> _MATERIAL FOR THE TASK_
= Beginning of Section =
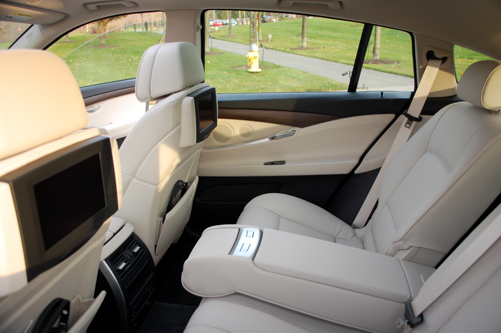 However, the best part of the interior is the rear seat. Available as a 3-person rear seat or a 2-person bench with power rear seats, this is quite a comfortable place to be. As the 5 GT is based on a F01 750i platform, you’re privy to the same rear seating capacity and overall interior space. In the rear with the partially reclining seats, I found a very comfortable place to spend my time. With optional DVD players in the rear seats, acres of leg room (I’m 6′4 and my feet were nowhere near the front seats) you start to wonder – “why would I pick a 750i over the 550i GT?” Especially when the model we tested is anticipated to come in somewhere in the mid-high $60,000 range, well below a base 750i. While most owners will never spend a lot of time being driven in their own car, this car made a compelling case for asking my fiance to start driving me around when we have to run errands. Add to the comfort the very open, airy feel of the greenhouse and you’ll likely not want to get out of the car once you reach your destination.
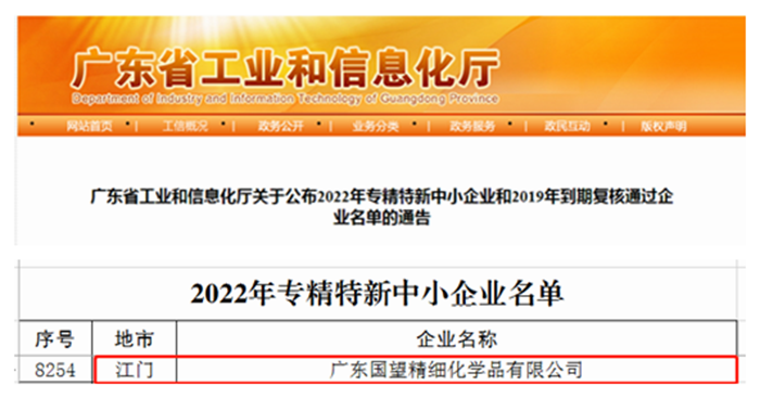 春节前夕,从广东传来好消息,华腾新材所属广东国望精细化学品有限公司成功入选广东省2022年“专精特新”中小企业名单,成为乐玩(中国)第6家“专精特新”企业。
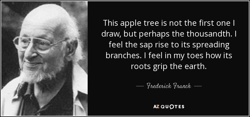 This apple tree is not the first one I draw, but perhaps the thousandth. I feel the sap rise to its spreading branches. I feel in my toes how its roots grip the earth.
= End of Section =
= Beginning of Section =
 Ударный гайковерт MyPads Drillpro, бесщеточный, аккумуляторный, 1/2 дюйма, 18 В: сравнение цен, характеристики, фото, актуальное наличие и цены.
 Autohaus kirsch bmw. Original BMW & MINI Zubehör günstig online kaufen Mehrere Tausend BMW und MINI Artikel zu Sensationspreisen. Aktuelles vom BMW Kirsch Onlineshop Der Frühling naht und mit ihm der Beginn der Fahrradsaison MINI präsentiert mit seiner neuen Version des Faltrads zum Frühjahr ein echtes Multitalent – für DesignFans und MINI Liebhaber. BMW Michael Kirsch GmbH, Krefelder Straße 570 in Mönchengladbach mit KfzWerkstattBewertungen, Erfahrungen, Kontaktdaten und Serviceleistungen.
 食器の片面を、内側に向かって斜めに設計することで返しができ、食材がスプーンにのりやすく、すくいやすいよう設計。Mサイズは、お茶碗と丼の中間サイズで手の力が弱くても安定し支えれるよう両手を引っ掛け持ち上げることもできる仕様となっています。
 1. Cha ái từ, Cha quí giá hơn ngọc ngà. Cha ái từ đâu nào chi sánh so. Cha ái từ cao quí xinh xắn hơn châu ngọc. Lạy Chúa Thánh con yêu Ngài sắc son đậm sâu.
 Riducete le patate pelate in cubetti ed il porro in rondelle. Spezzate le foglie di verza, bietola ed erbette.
= End of Section =
= Beginning of Section =
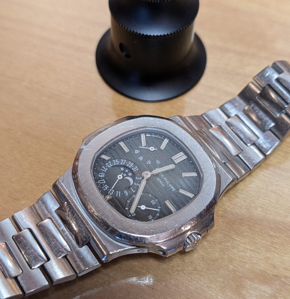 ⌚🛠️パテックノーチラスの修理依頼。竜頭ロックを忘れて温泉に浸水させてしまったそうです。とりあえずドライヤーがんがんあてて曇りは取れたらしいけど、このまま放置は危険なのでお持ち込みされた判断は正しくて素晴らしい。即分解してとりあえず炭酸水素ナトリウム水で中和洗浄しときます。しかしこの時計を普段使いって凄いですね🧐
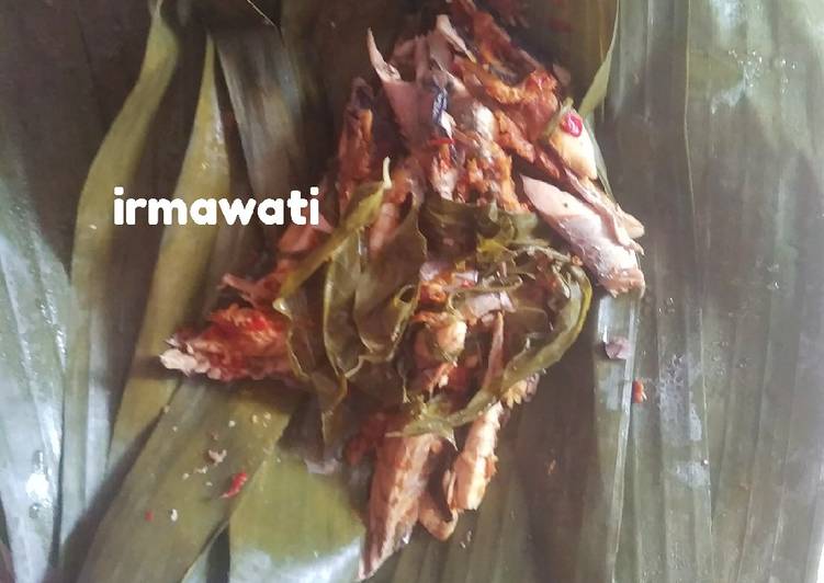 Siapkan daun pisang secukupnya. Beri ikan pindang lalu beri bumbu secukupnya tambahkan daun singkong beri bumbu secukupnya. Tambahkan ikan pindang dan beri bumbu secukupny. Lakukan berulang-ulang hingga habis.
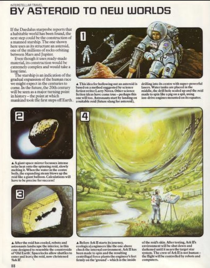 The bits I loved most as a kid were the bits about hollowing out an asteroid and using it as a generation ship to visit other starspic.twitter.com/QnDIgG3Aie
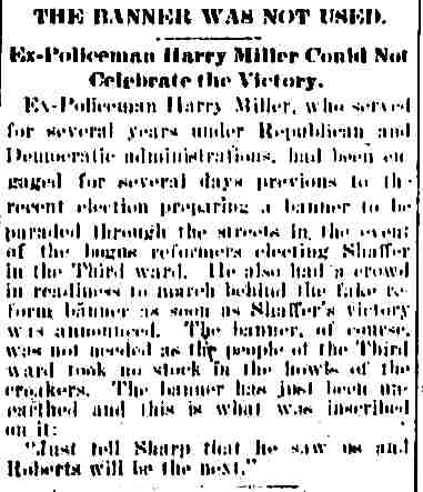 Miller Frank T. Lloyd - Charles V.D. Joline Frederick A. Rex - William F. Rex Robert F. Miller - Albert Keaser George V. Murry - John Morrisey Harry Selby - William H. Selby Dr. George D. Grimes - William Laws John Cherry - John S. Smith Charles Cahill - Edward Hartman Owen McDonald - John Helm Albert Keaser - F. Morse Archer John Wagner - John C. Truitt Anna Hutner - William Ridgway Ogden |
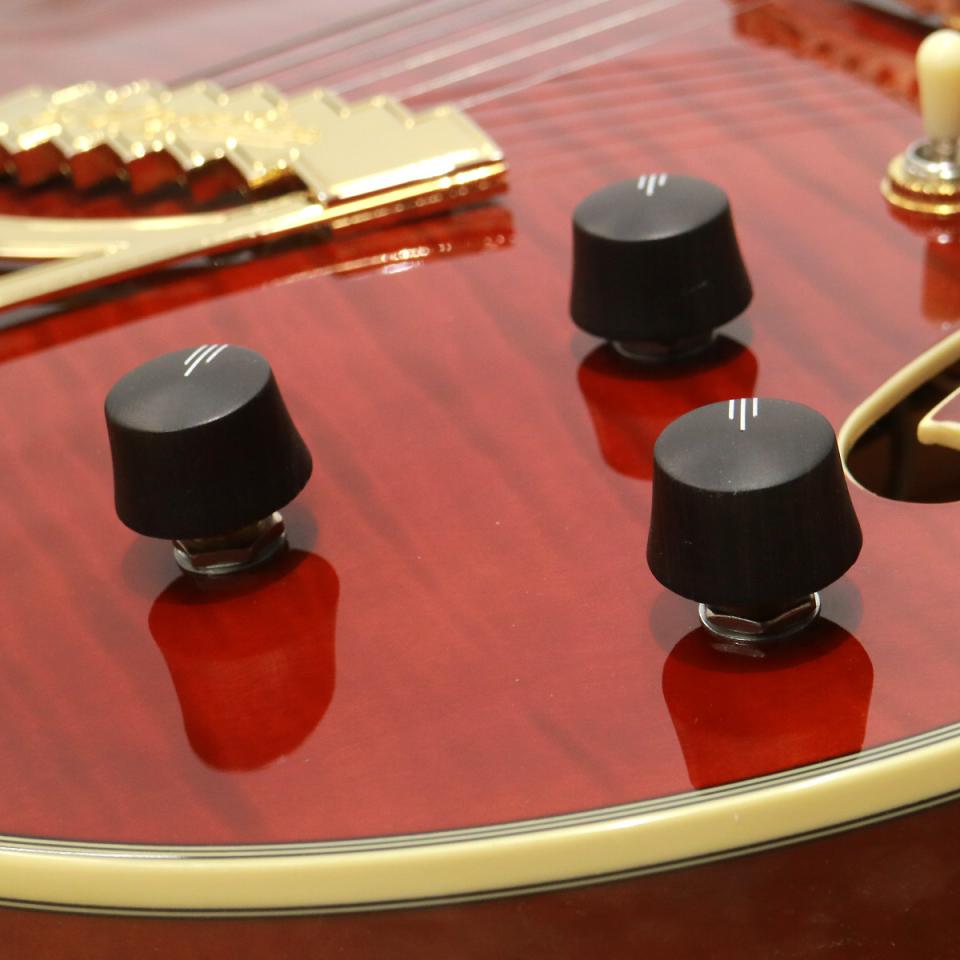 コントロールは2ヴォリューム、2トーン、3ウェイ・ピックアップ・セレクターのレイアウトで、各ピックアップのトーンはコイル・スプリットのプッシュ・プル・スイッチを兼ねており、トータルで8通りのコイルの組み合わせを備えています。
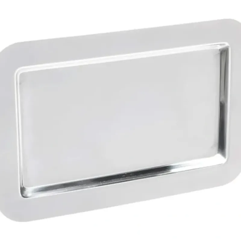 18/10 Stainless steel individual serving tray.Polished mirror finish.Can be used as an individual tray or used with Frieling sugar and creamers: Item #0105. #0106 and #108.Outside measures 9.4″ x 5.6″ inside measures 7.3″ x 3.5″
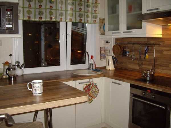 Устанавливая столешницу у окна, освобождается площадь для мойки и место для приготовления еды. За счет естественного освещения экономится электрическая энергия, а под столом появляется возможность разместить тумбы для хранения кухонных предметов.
= End of Section =
> _WHAT YOU WILL DO_
What belongs in the answer is each line above from the line with "コントロールは2ヴォリューム" to the line with "Устанавливая столешницу у", inclusive, reproduced exactly and free of pictures.

> _WRITTEN ANSWER_
 コントロールは2ヴォリューム、2トーン、3ウェイ・ピックアップ・セレクターのレイアウトで、各ピックアップのトーンはコイル・スプリットのプッシュ・プル・スイッチを兼ねており、トータルで8通りのコイルの組み合わせを備えています。
 18/10 Stainless steel individual serving tray.Polished mirror finish.Can be used as an individual tray or used with Frieling sugar and creamers: Item #0105. #0106 and #108.Outside measures 9.4″ x 5.6″ inside measures 7.3″ x 3.5″
 Устанавливая столешницу у окна, освобождается площадь для мойки и место для приготовления еды. За счет естественного освещения экономится электрическая энергия, а под столом появляется возможность разместить тумбы для хранения кухонных предметов.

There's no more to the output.